> Exercise aim
Copy exactly the lines from the beginning of the data down to and including the line holding "Spędziliśmy tak wiele", without any pictures.
*** Opening Provided data ***
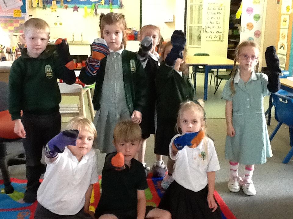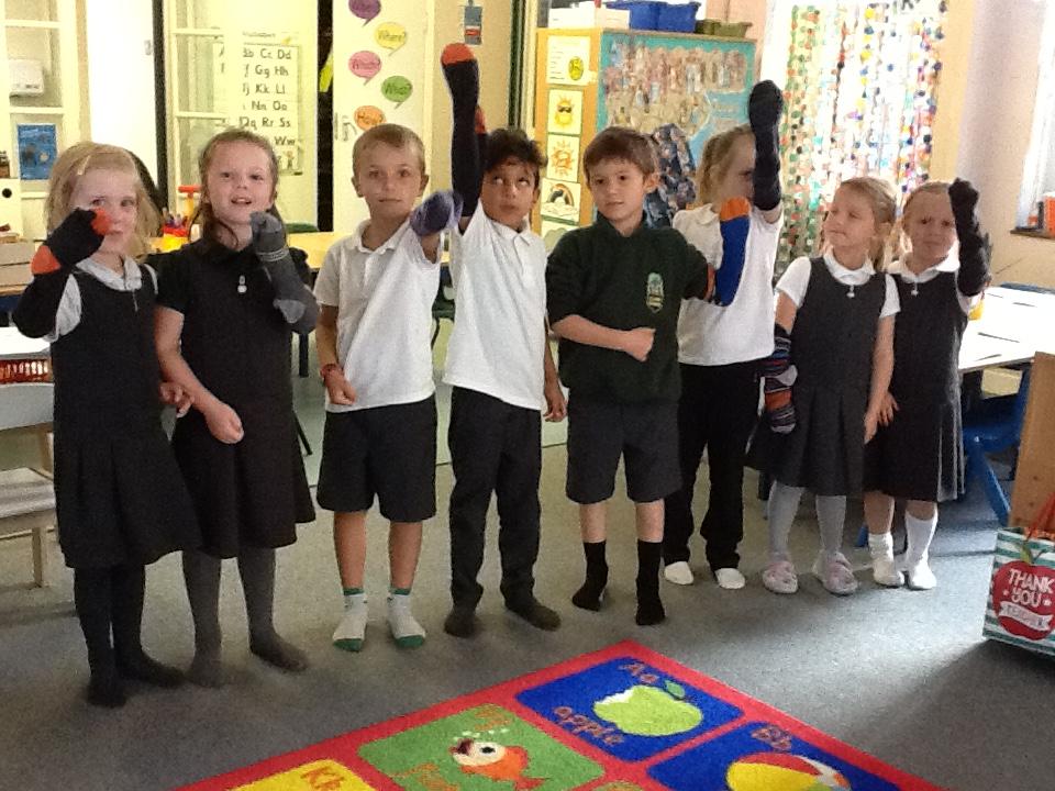 In Science the children have been investigating their sense of touch.  They put one of Mr Elgar's old socks on their hands and tried touching things to work out what they were and how they felt.  Then they removed the socks and we talked about how sensitive our fingers are and how much easier it was to identify things even though they couldn't see them.
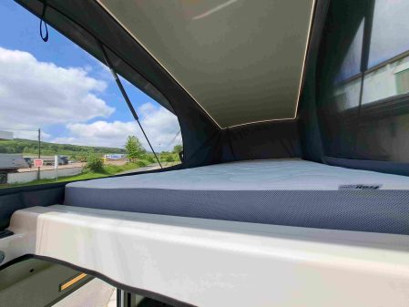 Ce toit s’actionne facilement grâce à un système de pantographes. La toile reçoit trois larges ouvertures avec zip et moustiquaire qui permettent de ventiler la chambre. Le lit, sous ce toit, est composé d’un matelas Froli intégrant de la mousse froide et des plaques à ressorts. Cette combinaison apporte un très bon confort aux deux personnes qui y prendront place. D’autant plus que les dimensions sont suffisamment importantes (230 x 120 cm) pour ne pas gêner sa voisine ou son voisin.
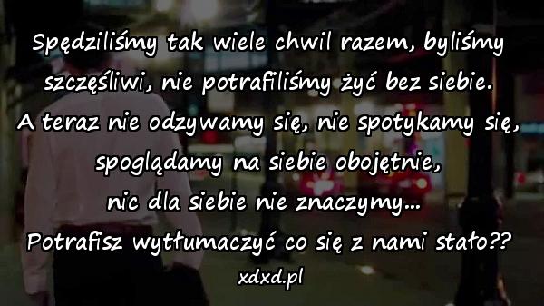 Spędziliśmy tak wiele chwil razem, byliśmy szczęśliwi, nie potrafiliśmy żyć bez siebie. A teraz nie odzywamy się, nie spotykamy się, spoglądamy na siebie obojętnie, nic dla siebie nie znaczymy… Potrafisz wytłumaczyć co się z nami stało??
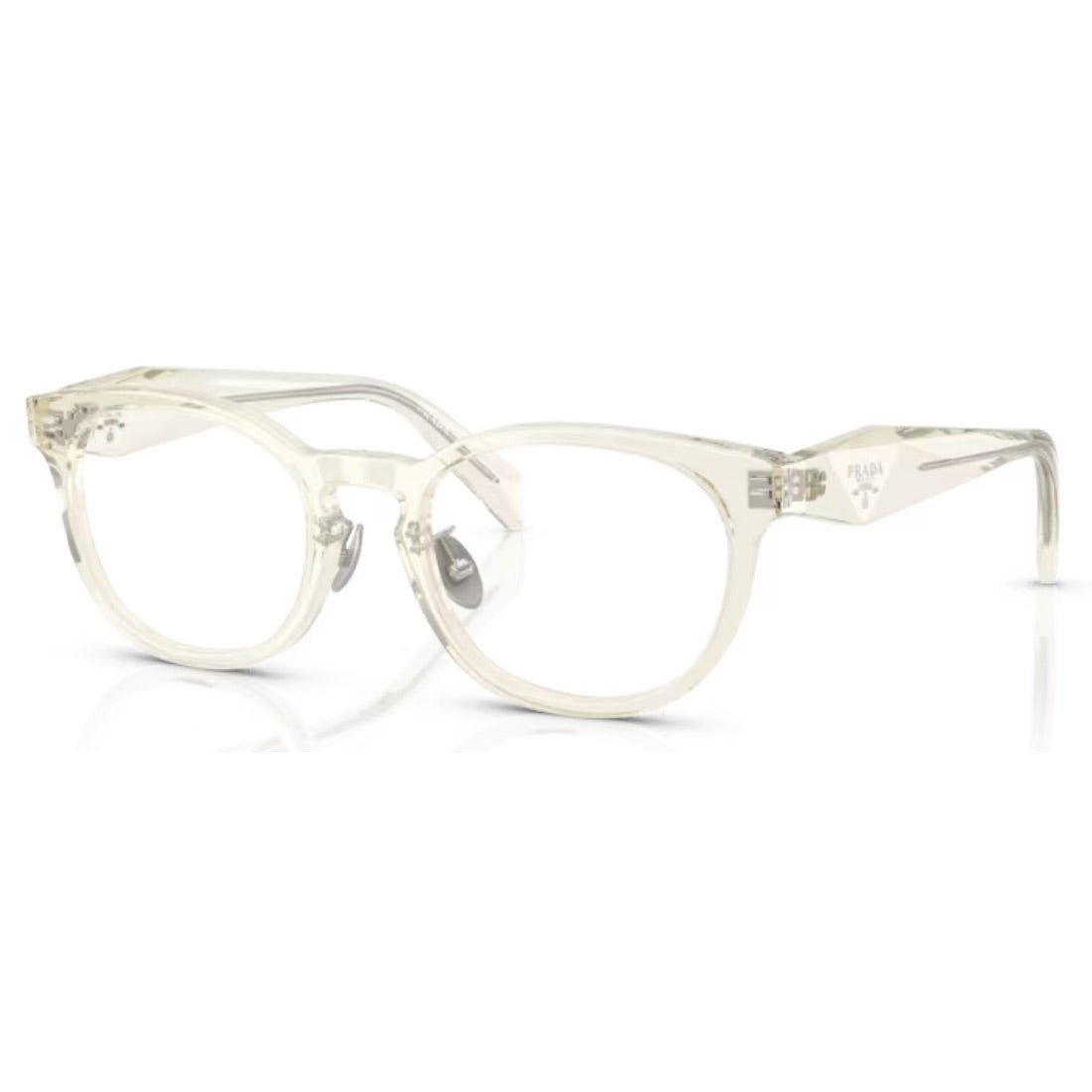 The PRADA PR B06VD 19X1O1 optical glasses combine classic elegance with modernity thanks to their refined phantos frame. The faceted acetate temples highlight Prada's famous triangle logo, reminiscent of the brand's iconic handbag. Featuring ergonomic nose pads, these glasses offer optimal comfort while enhancing your style. Available in timeless colors and seasonal transparent options, they embody the understated luxury and innovative Asian design. Adopt a sophisticated and unique look with this iconic Prada model.
*** Closing Provided data ***
> Exercise solution
 In Science the children have been investigating their sense of touch.  They put one of Mr Elgar's old socks on their hands and tried touching things to work out what they were and how they felt.  Then they removed the socks and we talked about how sensitive our fingers are and how much easier it was to identify things even though they couldn't see them.
 Ce toit s’actionne facilement grâce à un système de pantographes. La toile reçoit trois larges ouvertures avec zip et moustiquaire qui permettent de ventiler la chambre. Le lit, sous ce toit, est composé d’un matelas Froli intégrant de la mousse froide et des plaques à ressorts. Cette combinaison apporte un très bon confort aux deux personnes qui y prendront place. D’autant plus que les dimensions sont suffisamment importantes (230 x 120 cm) pour ne pas gêner sa voisine ou son voisin.
 Spędziliśmy tak wiele chwil razem, byliśmy szczęśliwi, nie potrafiliśmy żyć bez siebie. A teraz nie odzywamy się, nie spotykamy się, spoglądamy na siebie obojętnie, nic dla siebie nie znaczymy… Potrafisz wytłumaczyć co się z nami stało??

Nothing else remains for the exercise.